# 1.8t 337 gti first oil change at 10,000 miles can some let me know exactly what i need?



## shais337 (Jun 27, 2011)

I know i need about 5 quarts full synthetic oil, and an oil filter but i need details….. 



Thanks:thumbup::thumbup:


----------



## Super Hans (May 27, 2011)

In you climate, try a 10w-30 synth, any name brand. 10k seems like a long time to wait, 5k is better. Just find any larger filter for VW Audi. PepBoys has a nice Proline filter, generic Purolator for $5. STP S3569 is another good one.

If you drive hard and want a little thicker oil w/o giving up gas mileage w/a 40 weight, Mobil 1 10w-30 HIGH MILES meets the thicker A3 spec that VW 502 is based on. Valvoline MaxLife Synth seems to be making a comeback to the shelves too. 

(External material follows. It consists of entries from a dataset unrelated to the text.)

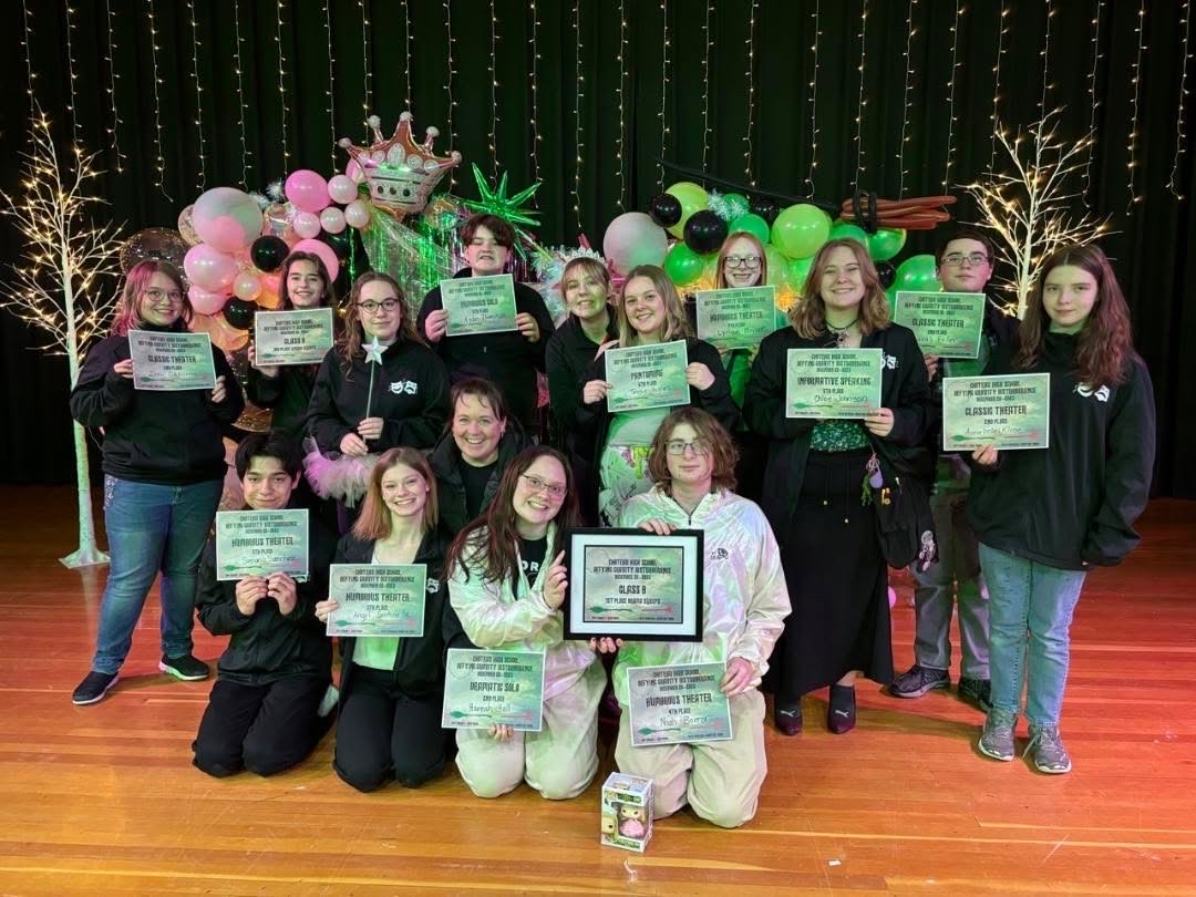 Image 1 Caption: Bulldog Speech and Drama Team members proudly displaying their winnings at Shelby. Top row from left: Zoe Osborne, Shalyn Sentinella, Sarag Morgan, Aiden Thompson, Ava Boaz, Tessie Hughes, Lyrique Bryant, Chloe Johnson, Lucas Feller, Anabell Kline. Bottom Row from left: Simon Sanchez, Angel Sentinella, Coach Denise Bakkum, Hannah Hall and Noah Borror.
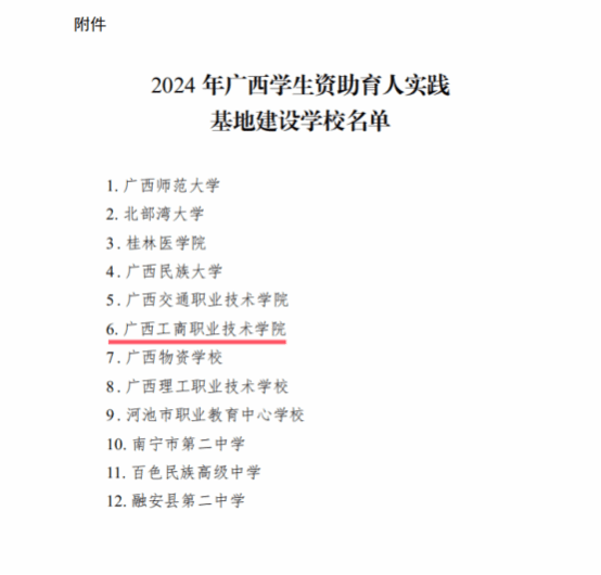 近日,自治區(qū)教育廳發(fā)布了《自治區(qū)教育廳關(guān)于公布2024廣西學(xué)生資助育人實踐基地建設(shè)學(xué)校名單的通知》,我校獲評第二批廣西高校資助育人實踐示范基地建設(shè)高校。這標(biāo)志著我校在資助育人平臺建設(shè)上取得新的突破,也是學(xué)校資助育人工作質(zhì)量不斷提升的重要體現(xiàn)。
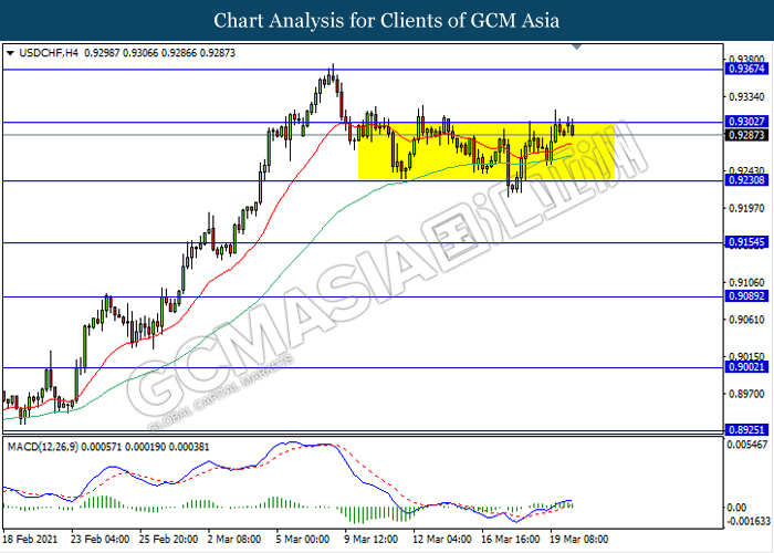USDCHF, H4: USDCHF remain traded in a sideway channel while currently testing near the resistance level 0.9300. However, MACD which illustrate diminishing bullish momentum signal suggest the pair to be traded lower towards the support level 0.9230.
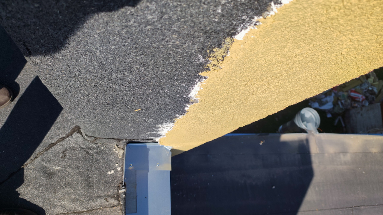 На снимке показан участок плоской кровли у стены: тёмное покрытие с минеральной посыпкой подходит к бежевой штукатурке, а вдоль кромки видна тонкая металлическая планка и линия герметизации. В углу заметны мелкие зазоры, следы подрезки материала и неровности примыкания, рядом лежат мелкие частицы посыпки и строительный мусор. В кадре присутствует край обуви на кровле, что подчёркивает рабочий осмотр узла с близкого расстояния. Фото подходит для материалов о дефектах примыканий, ремонте плоских крыш и техническом обследовании зданий.
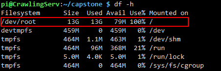 시스템 용량 확인 결과 사용 용량이 100% 인 것을 확인할 수 있었고 OS가 시스템보호를 위해 RO 시스템으로 전환한 것 같았다.
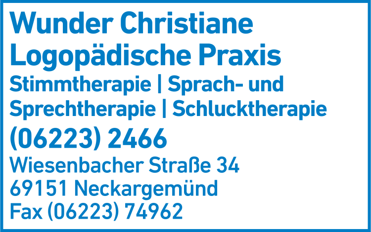 Die Adresse von Wunder Christiane Logopädie lautet: Wiesenbacher Str. 34, 69151 Neckargemünd

Going into winter, a thin 30 weight is great. If you want 40 weight for summer, that's fine, and work in with 6 month oil changes, which is ideal.


----------



## shais337 (Jun 27, 2011)

so castrol edge is no good? what brand of filter is best for the 1.8t? I was looking at 5w-30 for oil


----------



## gmikel (Nov 10, 2010)

*5w-30 is fine*



shais337 said:


> so castrol edge is no good? what brand of filter is best for the 1.8t? I was looking at 5w-30 for oil


don't get to hung up on it. use a quality oil and change it regularly. personaly i used a passat filter (again just a name brand) on my 1.8 jetta. you can use a full 5 qts. with it.

10k till now? from 02?


----------



## Jay-Bee (Sep 22, 2007)

only 10,000 miles on a 337? Why don't people drive these cars, it's not like it's a 300K+ $ exotic.

Is this the very first oil change this engine has ever seen?


----------